_ACTIVITY_
Write out exactly the lines below starting at the one containing "Batoh FIVE kombinuje" and ending at the one containing "Kleine handliche Spülbürste". Omit every picture.

____ MATERIAL FOR THIS TASK

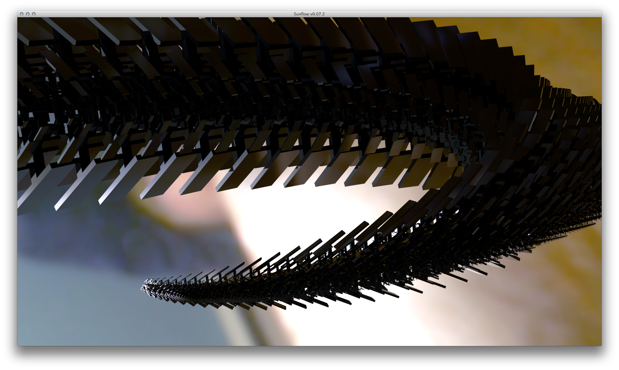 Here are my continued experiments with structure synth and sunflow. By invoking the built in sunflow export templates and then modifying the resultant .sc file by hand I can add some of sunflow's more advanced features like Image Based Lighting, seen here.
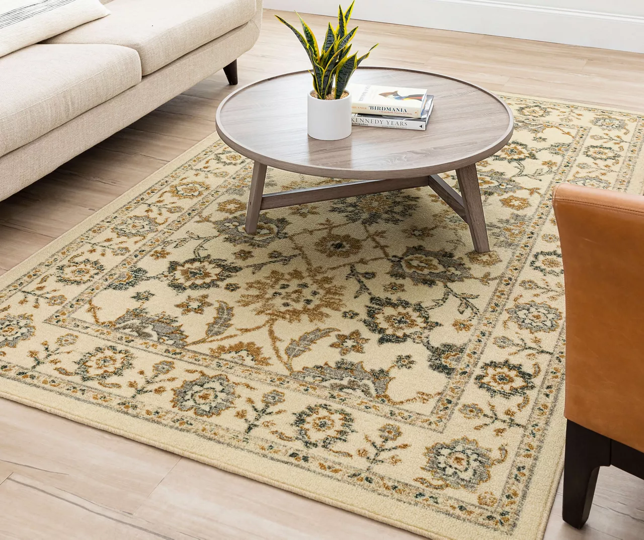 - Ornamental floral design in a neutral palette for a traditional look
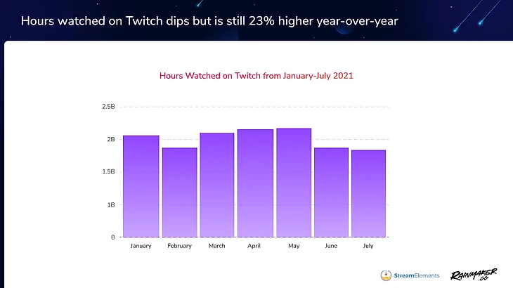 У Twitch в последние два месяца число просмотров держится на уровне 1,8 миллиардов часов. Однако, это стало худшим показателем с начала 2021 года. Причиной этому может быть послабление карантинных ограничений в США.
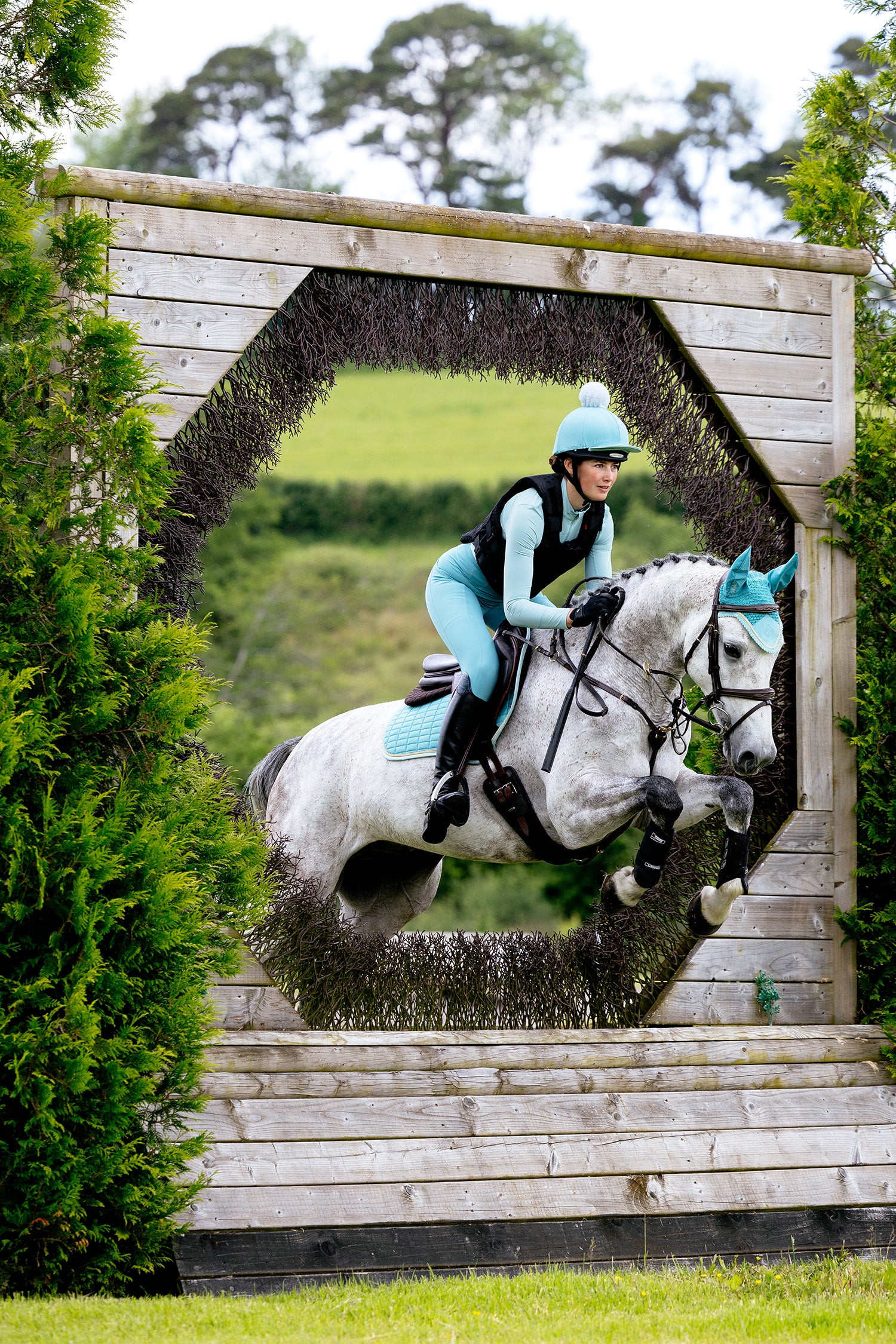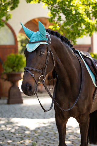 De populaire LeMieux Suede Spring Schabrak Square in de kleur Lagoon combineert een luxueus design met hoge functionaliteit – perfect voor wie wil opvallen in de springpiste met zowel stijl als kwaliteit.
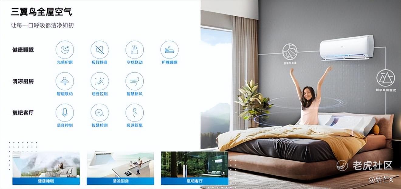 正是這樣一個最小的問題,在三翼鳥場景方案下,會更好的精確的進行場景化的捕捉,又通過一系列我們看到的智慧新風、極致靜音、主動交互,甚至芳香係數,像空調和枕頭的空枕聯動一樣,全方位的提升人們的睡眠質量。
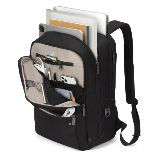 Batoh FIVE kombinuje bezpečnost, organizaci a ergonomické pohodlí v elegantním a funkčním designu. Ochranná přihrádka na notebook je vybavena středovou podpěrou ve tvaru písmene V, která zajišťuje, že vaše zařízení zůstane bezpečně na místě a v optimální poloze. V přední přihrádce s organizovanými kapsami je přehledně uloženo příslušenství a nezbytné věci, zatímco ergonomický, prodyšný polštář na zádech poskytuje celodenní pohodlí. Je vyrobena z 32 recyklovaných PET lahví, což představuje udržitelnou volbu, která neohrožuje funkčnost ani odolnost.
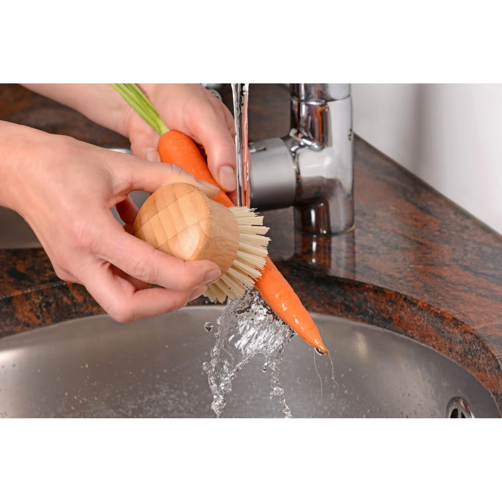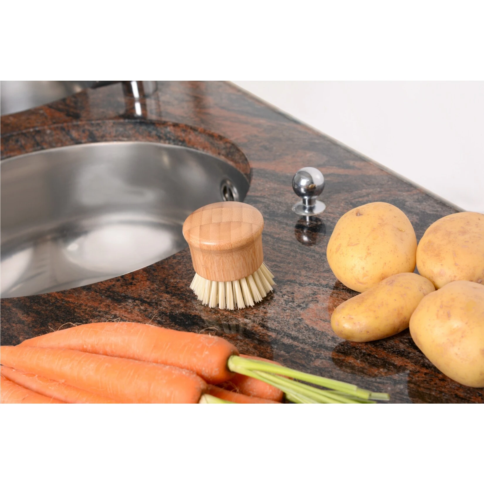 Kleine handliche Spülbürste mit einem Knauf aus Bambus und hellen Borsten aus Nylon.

________
____ MATERIAL FOR THIS TASK

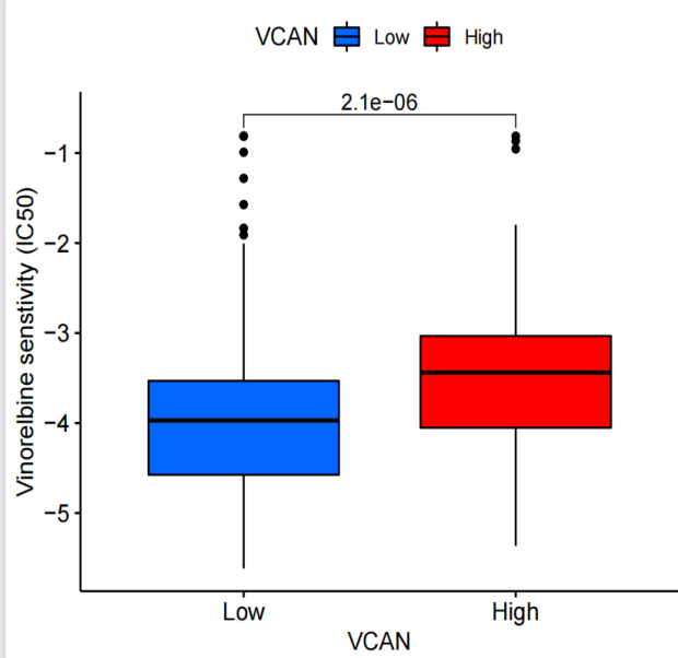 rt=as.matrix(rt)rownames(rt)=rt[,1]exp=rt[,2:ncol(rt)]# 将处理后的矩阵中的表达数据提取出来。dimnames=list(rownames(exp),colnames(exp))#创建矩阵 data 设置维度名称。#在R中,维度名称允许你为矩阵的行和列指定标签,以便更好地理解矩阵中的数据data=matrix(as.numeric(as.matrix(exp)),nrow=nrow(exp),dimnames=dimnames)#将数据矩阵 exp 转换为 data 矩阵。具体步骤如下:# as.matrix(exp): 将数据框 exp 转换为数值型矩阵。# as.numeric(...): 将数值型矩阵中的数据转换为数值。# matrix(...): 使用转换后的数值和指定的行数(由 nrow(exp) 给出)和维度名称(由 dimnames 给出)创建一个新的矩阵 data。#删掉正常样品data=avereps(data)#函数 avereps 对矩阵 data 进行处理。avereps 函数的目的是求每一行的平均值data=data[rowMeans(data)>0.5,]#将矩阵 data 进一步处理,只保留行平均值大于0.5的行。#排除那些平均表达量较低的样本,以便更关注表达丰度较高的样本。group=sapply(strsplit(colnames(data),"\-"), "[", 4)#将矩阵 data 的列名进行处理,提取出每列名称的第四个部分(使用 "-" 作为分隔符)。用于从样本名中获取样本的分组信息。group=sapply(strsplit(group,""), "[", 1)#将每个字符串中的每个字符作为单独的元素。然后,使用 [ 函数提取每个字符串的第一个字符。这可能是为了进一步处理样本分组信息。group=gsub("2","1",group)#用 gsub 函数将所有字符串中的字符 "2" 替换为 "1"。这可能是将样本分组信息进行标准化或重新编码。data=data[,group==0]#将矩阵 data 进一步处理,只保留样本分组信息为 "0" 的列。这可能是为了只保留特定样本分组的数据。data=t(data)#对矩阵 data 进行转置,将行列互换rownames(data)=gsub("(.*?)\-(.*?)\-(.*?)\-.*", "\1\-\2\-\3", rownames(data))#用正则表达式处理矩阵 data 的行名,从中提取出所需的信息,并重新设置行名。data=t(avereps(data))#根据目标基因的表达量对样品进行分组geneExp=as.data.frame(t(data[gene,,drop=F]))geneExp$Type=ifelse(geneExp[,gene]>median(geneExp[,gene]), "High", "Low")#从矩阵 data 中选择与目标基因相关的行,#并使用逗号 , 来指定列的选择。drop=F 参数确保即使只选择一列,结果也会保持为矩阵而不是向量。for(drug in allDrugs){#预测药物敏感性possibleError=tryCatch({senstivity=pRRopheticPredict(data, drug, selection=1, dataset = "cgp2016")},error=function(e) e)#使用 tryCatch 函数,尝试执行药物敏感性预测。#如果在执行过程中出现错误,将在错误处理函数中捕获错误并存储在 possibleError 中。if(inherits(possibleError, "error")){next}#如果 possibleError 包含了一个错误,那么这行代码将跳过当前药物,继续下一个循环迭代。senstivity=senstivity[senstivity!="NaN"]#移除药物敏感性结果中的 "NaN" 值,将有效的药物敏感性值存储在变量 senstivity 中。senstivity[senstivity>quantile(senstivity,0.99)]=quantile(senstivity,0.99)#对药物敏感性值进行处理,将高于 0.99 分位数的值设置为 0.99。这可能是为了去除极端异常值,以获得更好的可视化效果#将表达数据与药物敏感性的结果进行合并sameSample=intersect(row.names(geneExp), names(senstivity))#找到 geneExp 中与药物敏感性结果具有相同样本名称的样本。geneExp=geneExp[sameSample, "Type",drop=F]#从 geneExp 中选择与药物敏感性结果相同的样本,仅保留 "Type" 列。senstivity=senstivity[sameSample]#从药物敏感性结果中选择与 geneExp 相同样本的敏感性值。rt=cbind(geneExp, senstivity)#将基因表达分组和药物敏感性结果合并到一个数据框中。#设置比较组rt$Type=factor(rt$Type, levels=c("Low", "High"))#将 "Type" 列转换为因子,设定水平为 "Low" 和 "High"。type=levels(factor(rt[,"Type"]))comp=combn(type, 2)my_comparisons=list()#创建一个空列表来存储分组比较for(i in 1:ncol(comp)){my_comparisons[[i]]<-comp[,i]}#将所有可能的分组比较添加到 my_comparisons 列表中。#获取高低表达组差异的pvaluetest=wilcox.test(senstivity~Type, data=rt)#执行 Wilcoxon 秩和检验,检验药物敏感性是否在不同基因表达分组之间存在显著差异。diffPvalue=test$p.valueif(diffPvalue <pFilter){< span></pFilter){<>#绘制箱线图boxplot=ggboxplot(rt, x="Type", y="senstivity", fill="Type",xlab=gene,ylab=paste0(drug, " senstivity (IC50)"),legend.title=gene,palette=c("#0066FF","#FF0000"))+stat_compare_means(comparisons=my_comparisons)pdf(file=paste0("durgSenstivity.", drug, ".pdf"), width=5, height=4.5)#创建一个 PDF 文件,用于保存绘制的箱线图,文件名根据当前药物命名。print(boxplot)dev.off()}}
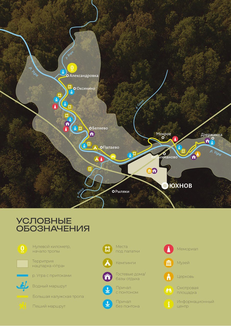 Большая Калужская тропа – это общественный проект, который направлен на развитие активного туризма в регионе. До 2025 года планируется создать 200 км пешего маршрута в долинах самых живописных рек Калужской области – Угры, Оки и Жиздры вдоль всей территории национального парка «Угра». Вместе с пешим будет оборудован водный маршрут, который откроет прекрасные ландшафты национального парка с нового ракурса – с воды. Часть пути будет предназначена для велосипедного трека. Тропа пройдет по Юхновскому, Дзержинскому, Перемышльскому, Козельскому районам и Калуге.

________
____ MATERIAL FOR THIS TASK

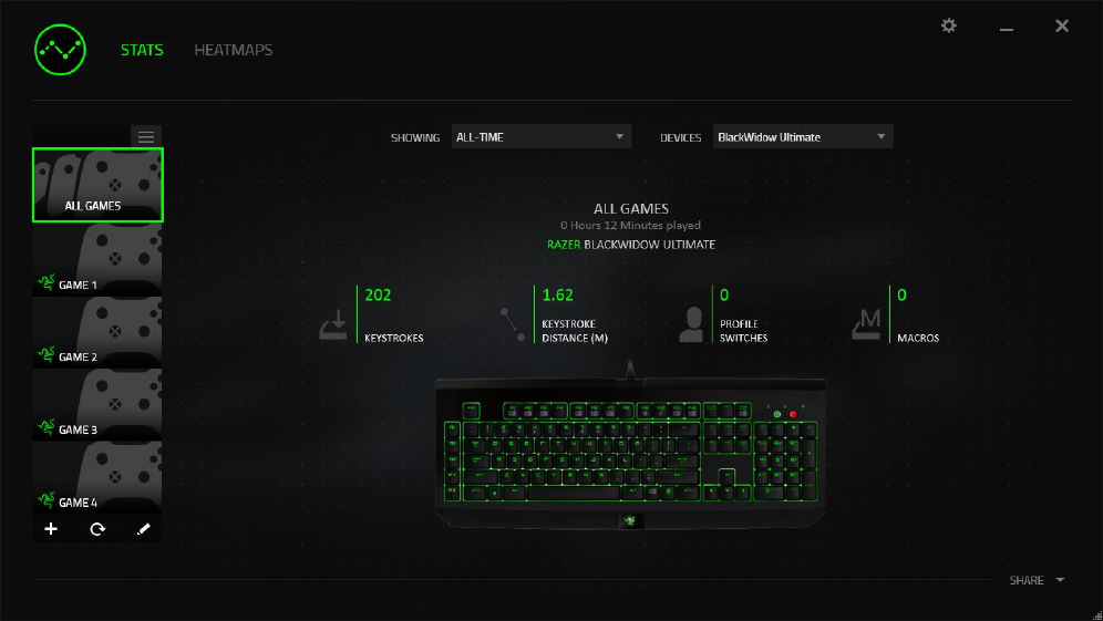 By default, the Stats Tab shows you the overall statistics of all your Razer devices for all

________

_REPLY_
 Batoh FIVE kombinuje bezpečnost, organizaci a ergonomické pohodlí v elegantním a funkčním designu. Ochranná přihrádka na notebook je vybavena středovou podpěrou ve tvaru písmene V, která zajišťuje, že vaše zařízení zůstane bezpečně na místě a v optimální poloze. V přední přihrádce s organizovanými kapsami je přehledně uloženo příslušenství a nezbytné věci, zatímco ergonomický, prodyšný polštář na zádech poskytuje celodenní pohodlí. Je vyrobena z 32 recyklovaných PET lahví, což představuje udržitelnou volbu, která neohrožuje funkčnost ani odolnost.
 Kleine handliche Spülbürste mit einem Knauf aus Bambus und hellen Borsten aus Nylon.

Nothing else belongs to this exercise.